Sunday, 5 April 2026 (17 Shawwal 1447 AH)
Back to Fatwas

The Difference Between Transfer of Ownership and Leasing]

Date: 2026/02/14
Views: 0

Question: A disabled woman owns a plot of land, and she has a granddaughter who is compassionate toward her—serving her needs, cleanliness, and provisions, hardly ever leaving her. The woman summoned a scribe and witnesses and testified before them that she had transferred ownership of her specified land to that granddaughter who serves her, in exchange for her past service and for what she will continue to render until the woman dies—even if only an hour of life remained. The granddaughter was made to hear this and she accepted—even if her grandmother’s life were to reach its utmost length, the granddaughter is content to serve her as long as life lasts. The grandmother is likewise content to give her granddaughter this, as recompense for what has passed and for what is to come. Is this transfer of ownership valid or not?

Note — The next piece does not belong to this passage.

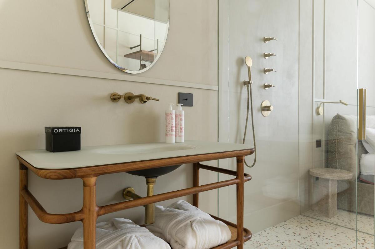 Dans le tissu ancien d’Ostuni, le Palazzo San Giuseppe retrouve la cadence des maisons historiques. La chaux blanche rencontre sols de pierre et encadrements essentiels ; des intérieurs ordonnés laissent la lumière s’installer. La journée se déroule entre escaliers, vues de toits et retours du soir quand le bourg s’apaise. La position permet d’explorer à pied ateliers, places et terrasses. Une hospitalité sobre, attentive aux matières et aux détails du lieu, privilégiant discrétion et mesure.

Answer: What appears from the question is that the transfer of ownership from the grandmother to her granddaughter is a recompense, not a lease. The granddaughter, as it seems, had been serving her grandmother without compensation and did not demand wages from her; rather, the grandmother wished to give of her own accord without the granddaughter requesting it. On that basis, the transfer issued from a willing soul, without intending thereby to procure any particular work—known or unknown—and what is of this nature is not vitiated. The muftī and the judge must therefore distinguish this from leasing (hire).
As for the case where a woman or man is disabled yet has wealth and no one to serve them, and they hire someone to serve them until they die, in exchange for a specified plot of land, or an apartment unit, or a specified sum of money, with a written contract attested by witnesses; then the woman or man lives for as long as Allah wills and dies, and the heirs come to dispute with the hireling: the judge does not rule the hiring valid; rather, he rules it invalid. With its invalidity, the hireling is entitled only to the customary equivalent wage (ujrat al-mithl) as assessed by two just persons.
However, if none of the heirs dispute the hireling and he has already taken possession of the land, the apartment, or the money, then it is lawfully his and no sin or liability attaches to him on that account. In a void (invalid) contract, the wage is owned upon receipt, though it remains liable to rescission upon dispute and litigation. Likewise in a void sale, the sold item is owned by taking possession. As for a valid lease and a valid sale, the wage and the sold item are owned by the contract itself.